Comment 3 Todd Brandt 2024-06-28 11:05:28 UTC
Created attachment 306507 [details]
issue.def
Comment 4 Todd Brandt 2024-06-28 13:13:18 UTC
This issue is also affecting the Lenovo ThinkPad X1 Titanium Gen 1. I've attached a failing timeline. The issue is the very same commit.

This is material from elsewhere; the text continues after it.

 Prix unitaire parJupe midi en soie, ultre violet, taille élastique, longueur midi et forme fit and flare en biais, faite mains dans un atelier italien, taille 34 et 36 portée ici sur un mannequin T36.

Comment 5 Todd Brandt 2024-06-28 13:15:02 UTC
Created attachment 306508 [details]
otcpl-lenovo-tix1-tgl_freeze.html
Comment 6 Todd Brandt 2024-06-28 17:32:56 UTC
This issue is also affecting the Hewlett Packard Spectre x360 Convertible 14-ea0xxx. So 3 machines out of 50 in our lab are affected in the same manner by this commit. I've attached a timeline of the spectre fail.

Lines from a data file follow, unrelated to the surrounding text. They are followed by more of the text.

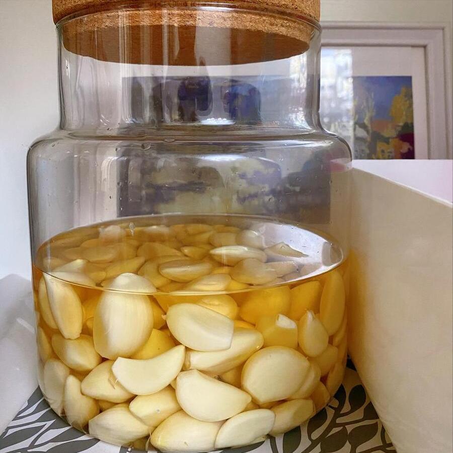3、接下來準備一個罐子,把罐子提前用開水燙一下,沖洗乾淨,保證無水無油,然後將處理好的大蒜倒進去,這個時候就要往裏面倒醋了,但是在醋的選擇上,也是有技巧的,陳醋、白醋都不行。
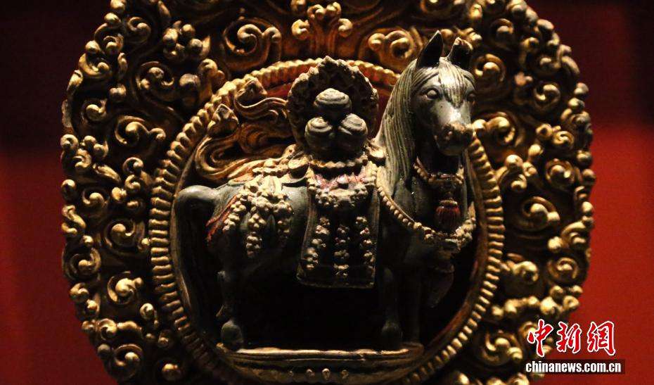 1月7日,青海省博物馆展出的清代木雕彩绘马宝供器。中新网
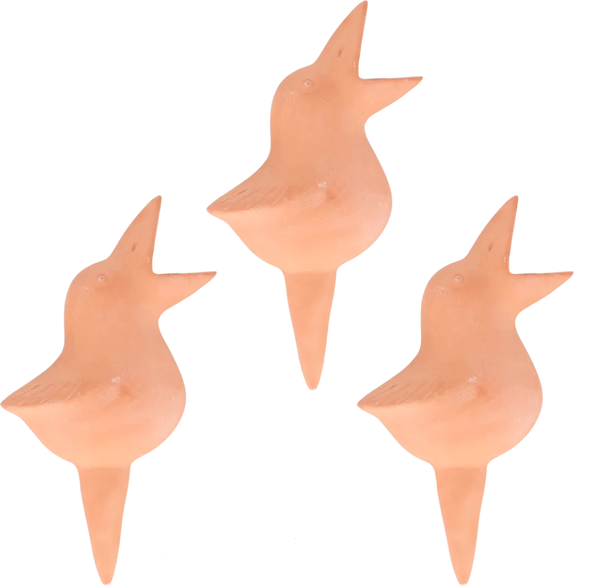 Dessa tre små fåglar är inte bara söta att se på, de hjälper också till med bevattningen av dina krukväxter. Stick ner dem i jorden och fyll vatten i deras öppna näbbar. Eftersom de är tillverkade av porös terrakotta lagrar de vatten och avger det gradvis till dina växter, så att du inte behöver vattna lika ofta.
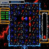 This game is by Psygnosis in the year 1990. This is a puzzle-game. You control it with keyboard, cursor-keys are for moving, return-key is for placing. In the begin you can select the music and enter a password. You must set atoms which have a different amount of connections. There are five different atoms. You can get a joker-atom which fits to every atom. There are two modes: In the first mode you must only build a molecule, in the second you get an order to build.
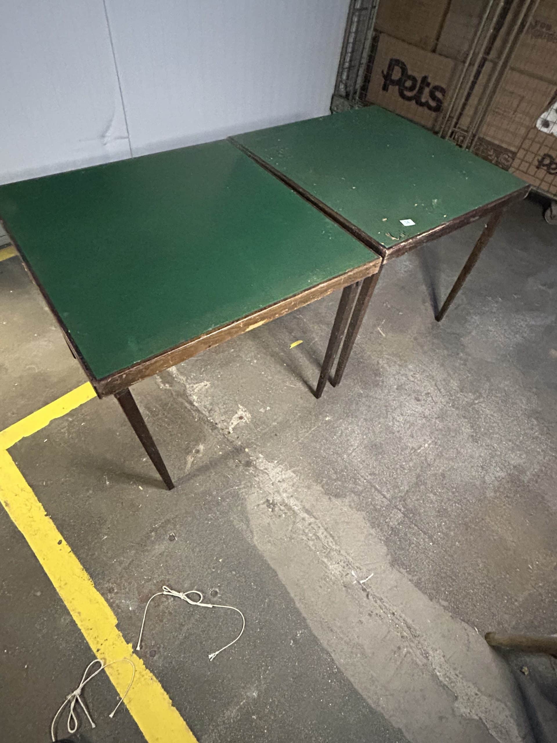 Pair of card tables in used condition one in fair condition the other would need green felt replacing as can be seen in the photos size approx 30” square
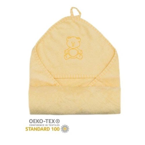 Gyerek törölköző képpel és kapucnival. Kellemes és puha anyagból gyártott. Belső oldala pamut, külső oldala fleec. Mérete: kb 100x100 cm. Anyaga: 100% pamut.
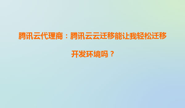 上饶腾讯云代理商:腾讯云云迁移能让我轻松迁移开发环境吗?
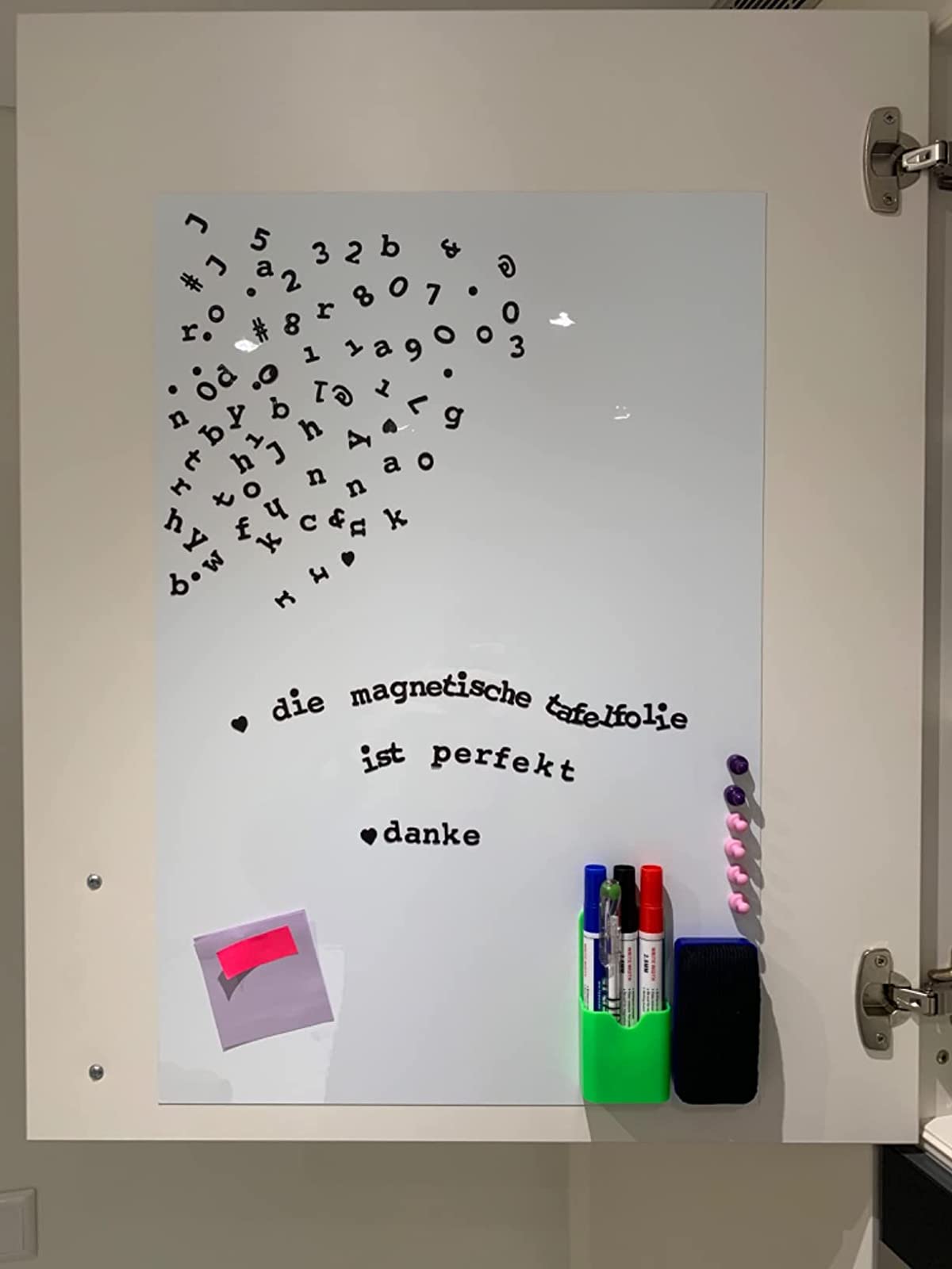 ✓ Die Tafelfolie ist ausschließlich für den Gebrauch mit Magneten bestimmt! – Bitte benutze keine Pinnwandnadeln zur Befestigung Deiner Notizen, Postkarten oder Briefe.

Comment 7 Todd Brandt 2024-06-28 17:33:39 UTC
Created attachment 306511 [details]
otcpl-hp-spectre-tgl_freeze.html
Comment 8 Todd Brandt 2024-07-03 21:08:46 UTC
It turns out the issue is that this particular commit exposed a bug in the old 2.0.0 intel-sof firmware. By updating to firmware v2.2.6 or higher this issue seems to be fixed. Here is a simple script to upgrade the firmware over your existing firmware-sof-signed package:

#!/bin/sh

cd /tmp
sudo mv /lib/firmware/intel/sof /tmp/
sudo mv /lib/firmware/intel/sof-tplg /tmp/
git clone https://github.com/thesofproject/sof-bin
cd sof-bin
sudo ./install.sh v2.2.x/v2.2-rc1
Comment 9 Todd Brandt 2024-07-09 23:51:40 UTC
Created attachment 306552 [details]
sof-fix.patch
Comment 10 Todd Brandt 2024-07-09 23:53:47 UTC
I've just attached a patch which applies to the kernel and fixes this issue for older versions of the firmware. It will likely not make it upstream until after 6.10 but it can be applied to stable versions. The primary link to it is here:

https://github.com/thesofproject/linux/pull/5089/commits/7a8379a0d960ea48ef4ec8e682f0ea46e27e8020
Comment 11 Todd Brandt 2024-07-31 04:04:20 UTC
The fix appears to be available in upstream 6.11.0-rc1. I'm marking this as closed. Thanks for the fix!